WILSON: That's right, yes.

CAIRNCROSS: Throughout 1950 I was in Paris, and had a lot of things to worry about apart from that.

WILSON: Perhaps it might be desirable to have you comment on your service in Paris. Are there any points that you would like to make?

CAIRNCROSS: A good many things happened there in 1950. We had to reach agreement on a program to be submitted as a basis for aid, and that program was set out in the annual report of the OEEC. So, if you look through the succession of annual reports you get the product of the thinking that was going on in Paris in the period before. I got landed in this very abruptly because I was just about to go off at the end of 1949 to be a professor, and rejoin my University of Glasgow, when Stafford Cripps asked me if I would go to Paris for six weeks to see the second report through. They wanted somebody to take over from

 

[5]

the then head of the economic division; that was Donald McDougall. I went for six weeks, thinking that would be all; then, in fact, I stayed for the whole year.

During the year the war in Korea broke out, and at the end of the year there was the crisis over Germany which was one of the most important events of that time, I served with Per Jacobsson on a two-man committee sent by OEEC to Germany to report back to the managing board of the European Payments Union, and our report was the basis of the assistance that was given to Germany at the end of 1950, lasting into 1951.

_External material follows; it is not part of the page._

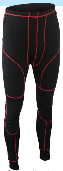
Calzoncillos largos Ref. SABA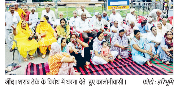
जीद। शराब टेके के विरोध में धरना देते हुए कालोनीवासी।

That was a significant phase of the history of OEEC, because it was the first occasion of successful self-help among the European countries. The U.S.A. stood back from participation in this move, and left the European countries to rescue the Germans from their balance of payments predicament. Although there were some anxieties, as

 

[6]

a whole I think it was a very successful move, and stood OEEC in good stead. It enhanced the standing of the OEEC in Germany. It was a difficult operation because the Germans themselves might have taken exception to the way in which the whole enterprise was conducted and resented the questions that were put to them. In practice they didn't do that; they were long-suffering and answered our questions. In addition it became gradually clearer that they were expanding; that this was just a slight wobble on the upward path, so there was no reason for anxiety; we were backing a winner.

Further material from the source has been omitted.